What we found is that bonobos are the ape that never grows up. They have very juvenile psychology even as adults. So, many of the patterns of development where chimpanzees begin, let’s say with spatial cognition, bonobos and chimpanzees are very similar when they’re juveniles, but chimpanzees move way past where bonobos ever arrive in their development. That’s exactly what we see wolf versus dog.

It’s more interesting than that because it’s not just that bonobos are frozen as juveniles, they also have extended windows of development on both ends. The sexual behavior that bonobos are so famous for, the big surprise for me as I started to work with them is you see their sociosexual behavior as early as six months, eight months of age. These tiny infant bonobos are rubbing their genitals on their mothers or on their peers. And we have a comparison. Vanessa Woods and I did a comparison of bonobo and chimp infants that had no parents around them. The bonobos were essentially playing doctor with each other, but we see none of that behavior in chimps. This is important because what we see in bonobos is the same thing we see in domesticated animals: these extended windows of development. You can see patterns of growth that occur earlier and later.

That’s why then it becomes extremely tempting to think about our own species' evolution because the big pattern when you compare ourselves to development in other great apes is expanded windows of development. Especially when you think about our brain. If you want to get expanded windows of development in humans, how do you do it? There hasn’t been a hypothesis that addresses that problem. How do you deal with changes in human morphology, especially late in human evolution?

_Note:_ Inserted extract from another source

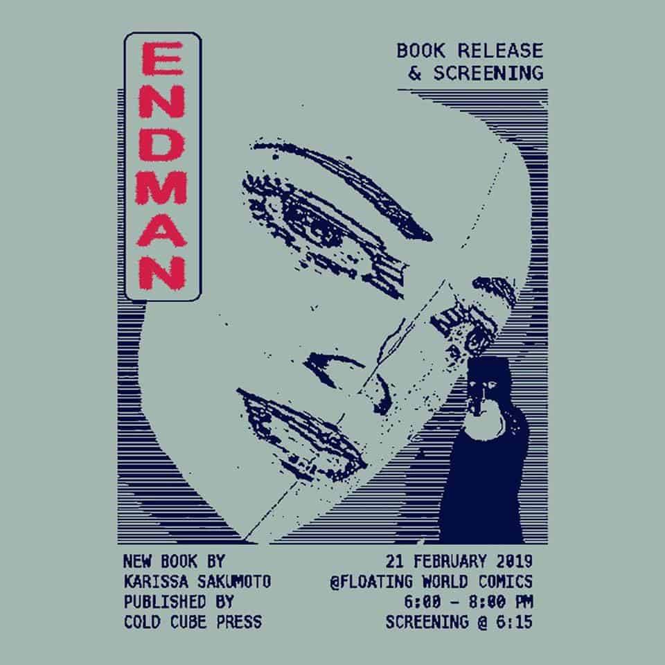 Join local artist Karissa Sakumoto on Thursday, February 21 to celebrate the release of her new book, ENDMAN, risograph printed by Cold Cube Press.

We have slightly smaller brains than our recent ancestors of 20,000 to 40,000 years ago—how do you deal with the feminization or juvenilization of our morphology? The fact that we have much less robust facial morphology than the humans of 50,000 to 80,000 years ago? There’s no hypothesis that deals with that. How do you deal with the fact that our self-control, the pruning that occurs in our prefrontal cortex, doesn’t end until we’re twenty-two? How do we deal with the fact that we’re born with a brain that’s underdeveloped, yet we know, comparing ourselves to other great apes, our social skills are way advanced? The answer is that there’s selection for friendliness late in human evolution. Just like dogs, bonobos, the selection for friendliness led to expanded windows of development and led to changes in morphology, physiology, and psychology. It’s the answer for our species, too.